**Stored items**
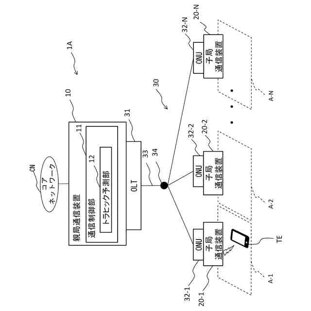 従来、一般的に、移動体通信網(通信キャリアのネットワーク)において、無線基地局はユーザ装置と通信する子局通信装置と子局通信装置を制御する親局通信装置に分割されている。親局通信装置と子局通信装置との間は光ファイバ等の伝送路で接続され、無線基地局内には複数の無線装置が配置されている。1つの無線基地局あたりの無線装置数は、その無線基地局が処理すべき移動端末の数と使用頻度を予測して設定されたトラヒックの量によって決められる。そして移動端末はトラヒックの多い時間帯でも使用可能でなければならず、無線装置の数はかなり多くなる。
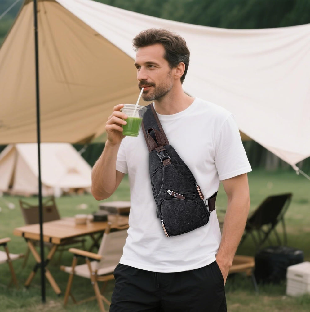 DORRISO Mode Herren Brusttasche Elegant Umhängetasche Reise Schultertasche Leichte Casual Urlaub Wan
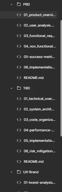 ์ ๋ ํ๋์ ํ๋ก์ ํธ์ PRD/TRD/UX-Brand ๋ฌธ์๋ฅผ ๋๋
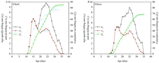 Age-specific whitefly-killing rate (ux), age-specific net killing rate (wx), and cumulative killing rate (Zx) of ES(ef) population (A) and ES(es) population (B).
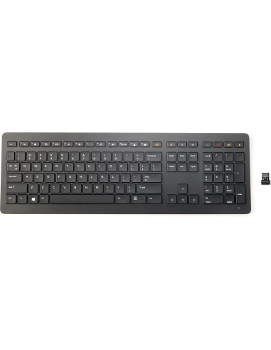 HP Tastiera per collaborazione wireless. Fattore di forma tastiera: Full-size (100%). Stile tastiera: Dritto. Tecnologia di connessione: Wireless, Interfaccia dispositivo: RF Wireless, Interruttore a chiave per tastiera: Interruttore a chiave meccanica, Utilizzo raccomandato: Ufficio. Colore del prodotto: Nero
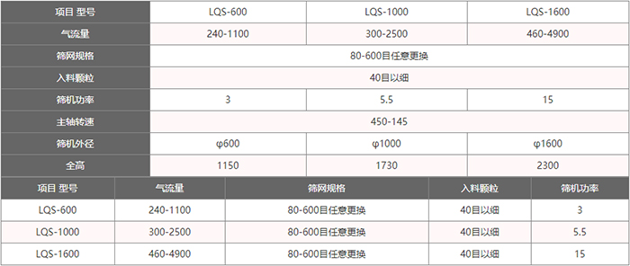 經(jīng)過(guò)對(duì)120-180目輕鈣、300目重鈣、400目活性鈣、300目山楂粉、320-500目鋅粉、500目氧化鐵黑、氧化鐵紅、120-160目中藥粉、180-270目石英粉等物料的篩分使用,測(cè)得每平方米篩網(wǎng)面積每小時(shí)產(chǎn)量均在一噸左右,同時(shí)測(cè)得篩分效率在95%以上,空氣含塵量低于10mg/m3。

**Brief**
Quote exactly, and nothing besides, the lines from the one with "DORRISO Mode Herren" through the end of the records above; include both ends and omit the pictures.

**Exercise result**
 DORRISO Mode Herren Brusttasche Elegant Umhängetasche Reise Schultertasche Leichte Casual Urlaub Wan
 ์ ๋ ํ๋์ ํ๋ก์ ํธ์ PRD/TRD/UX-Brand ๋ฌธ์๋ฅผ ๋๋
 Age-specific whitefly-killing rate (ux), age-specific net killing rate (wx), and cumulative killing rate (Zx) of ES(ef) population (A) and ES(es) population (B).
 HP Tastiera per collaborazione wireless. Fattore di forma tastiera: Full-size (100%). Stile tastiera: Dritto. Tecnologia di connessione: Wireless, Interfaccia dispositivo: RF Wireless, Interruttore a chiave per tastiera: Interruttore a chiave meccanica, Utilizzo raccomandato: Ufficio. Colore del prodotto: Nero
 經(jīng)過(guò)對(duì)120-180目輕鈣、300目重鈣、400目活性鈣、300目山楂粉、320-500目鋅粉、500目氧化鐵黑、氧化鐵紅、120-160目中藥粉、180-270目石英粉等物料的篩分使用,測(cè)得每平方米篩網(wǎng)面積每小時(shí)產(chǎn)量均在一噸左右,同時(shí)測(cè)得篩分效率在95%以上,空氣含塵量低于10mg/m3。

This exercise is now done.